» PROMPT
Retype the data that follows line by line, exactly, and leave its pictures out.

» DATASET SECTION
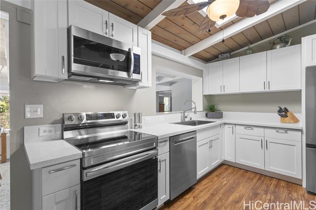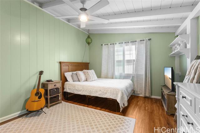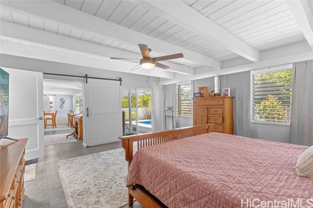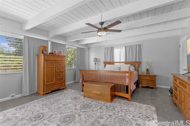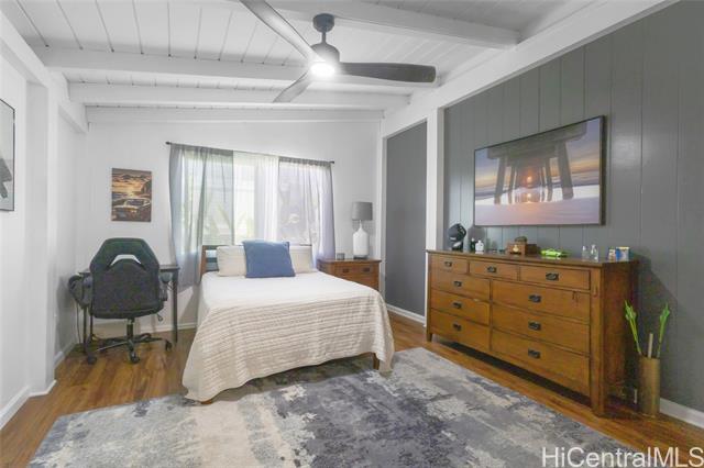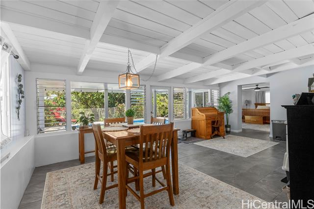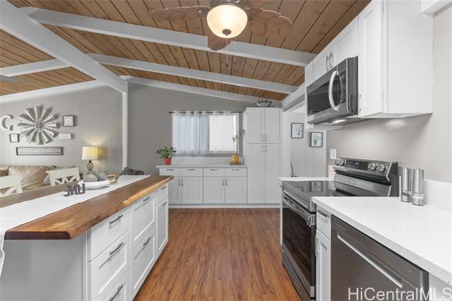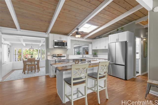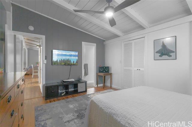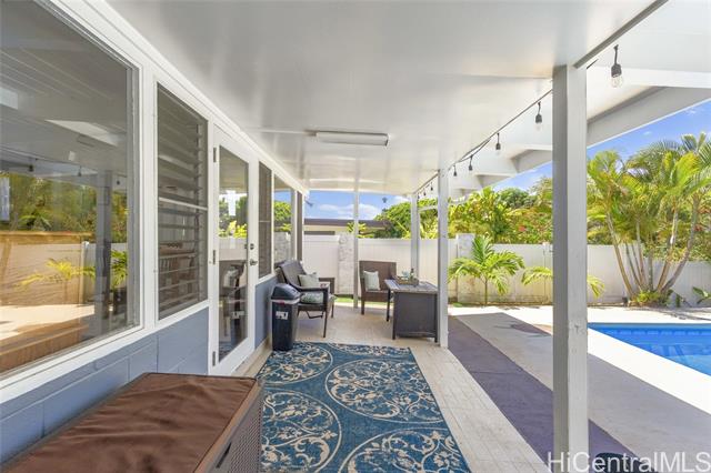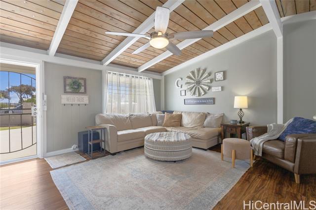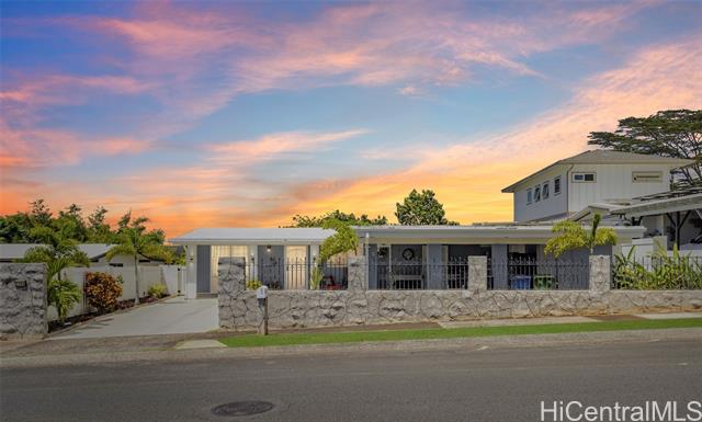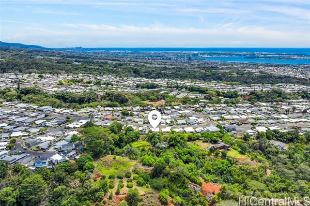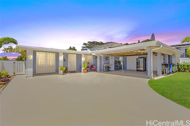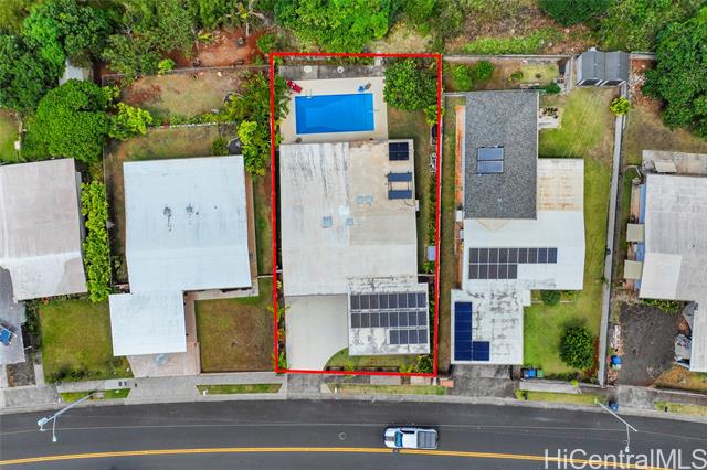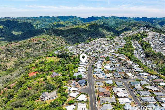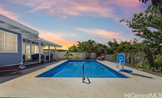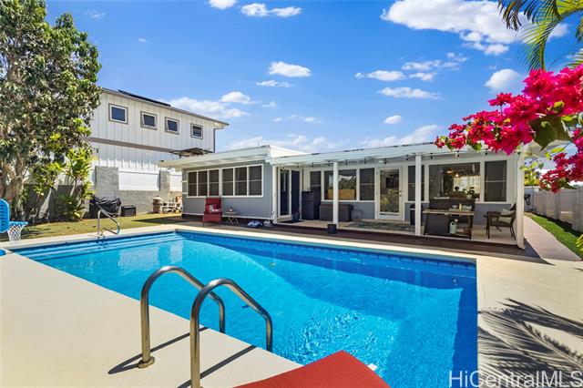 Open House 10/4/25 (2-6pm) & 10/5/25 (12-4pm). Experience true island living in peaceful Pacific Palisades—where mountain apples grow in your backyard, and weekends are spent poolside with unobstructed views of the leeward mountain range sunsets. Tucked away in a quiet rim lot setting, yet just minutes from shops, restaurants, Pearl Harbor/Hickam & Schofield. Enjoy a scenic waterfall hike just up the road, the charm of the neighborhood with a community center (hosting monthly events), shaved ice spot & other convenience shops. Step inside to a freshly remodeled single-level home with vaulted ceilings, newer windows, and a bright open layout, a supersized primary suite (with walk-in closet), 2 oversized bedrooms and a vibrant guest room. The updated kitchen shines with new cabinets, quartz counters, and modern appliances. Energy-efficient living comes with 20 owned PV panels + grandfathered NET METERING, a solar water heater, and a stand-alone solar pool pump—average bill for current owners is only $50/month. Parking is easy with a 2-car carport & an oversized driveway perfect for a boat! Move-in ready and waiting for your next chapter! Note: Bedroom count differs from tax records.
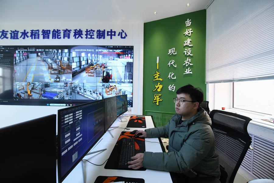 장쑤(江蘇)성 화이안(淮安)시에 위치한 차이미허(柴米河)박사농원에는 디지털 트윈 시스템 전광판이 있다. 72구 규격의 홍고추 모종 재배를 원하는 고객이 있다는 알림 메시지가 뜨자 직원이 AIoT(인공지능융합기술) 농사 작업 미니 프로그램에 주문 내역을 입력한다. 이 프로그램은 제품 표준 요건에 따라 홍고추 모종의 비료 배합 모델을 자동으로 조정한다.
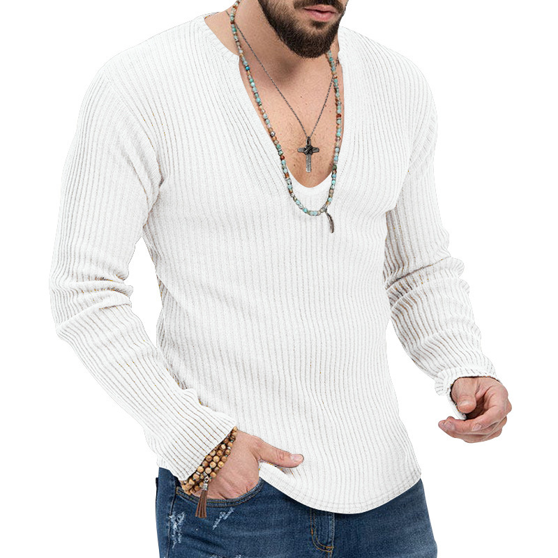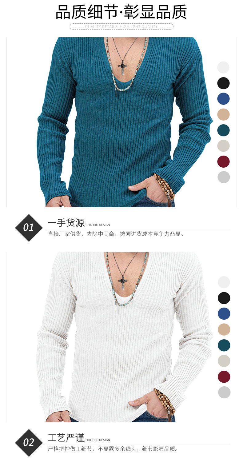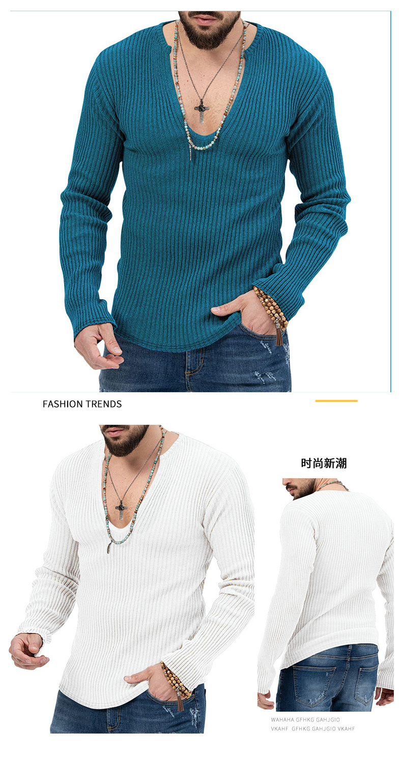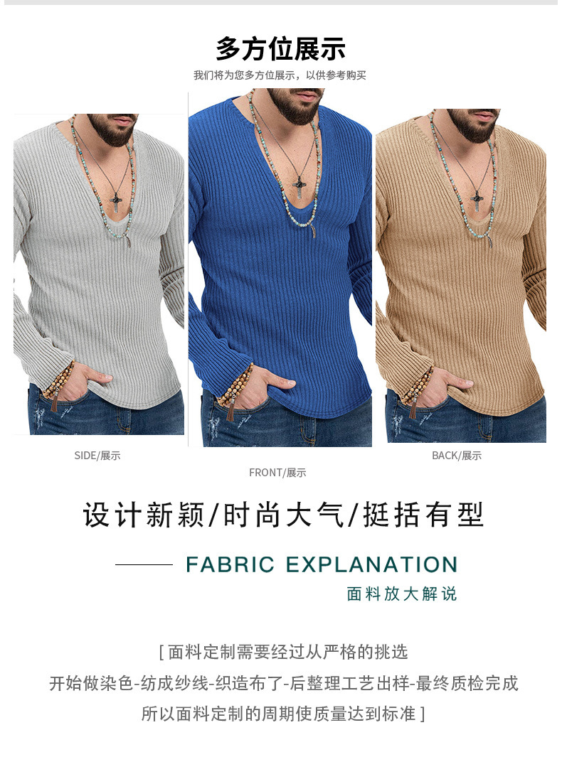 아마존 유럽 및 미국 국경 간 2025 유럽 및 미국 남성 트렌디 봄, 가을 깊은 V 넥 남성 신작 솔리드 컬러 니트 긴팔 셔츠스토어 가기

» ANSWER BOX
 Open House 10/4/25 (2-6pm) & 10/5/25 (12-4pm). Experience true island living in peaceful Pacific Palisades—where mountain apples grow in your backyard, and weekends are spent poolside with unobstructed views of the leeward mountain range sunsets. Tucked away in a quiet rim lot setting, yet just minutes from shops, restaurants, Pearl Harbor/Hickam & Schofield. Enjoy a scenic waterfall hike just up the road, the charm of the neighborhood with a community center (hosting monthly events), shaved ice spot & other convenience shops. Step inside to a freshly remodeled single-level home with vaulted ceilings, newer windows, and a bright open layout, a supersized primary suite (with walk-in closet), 2 oversized bedrooms and a vibrant guest room. The updated kitchen shines with new cabinets, quartz counters, and modern appliances. Energy-efficient living comes with 20 owned PV panels + grandfathered NET METERING, a solar water heater, and a stand-alone solar pool pump—average bill for current owners is only $50/month. Parking is easy with a 2-car carport & an oversized driveway perfect for a boat! Move-in ready and waiting for your next chapter! Note: Bedroom count differs from tax records.
 장쑤(江蘇)성 화이안(淮安)시에 위치한 차이미허(柴米河)박사농원에는 디지털 트윈 시스템 전광판이 있다. 72구 규격의 홍고추 모종 재배를 원하는 고객이 있다는 알림 메시지가 뜨자 직원이 AIoT(인공지능융합기술) 농사 작업 미니 프로그램에 주문 내역을 입력한다. 이 프로그램은 제품 표준 요건에 따라 홍고추 모종의 비료 배합 모델을 자동으로 조정한다.
 아마존 유럽 및 미국 국경 간 2025 유럽 및 미국 남성 트렌디 봄, 가을 깊은 V 넥 남성 신작 솔리드 컬러 니트 긴팔 셔츠스토어 가기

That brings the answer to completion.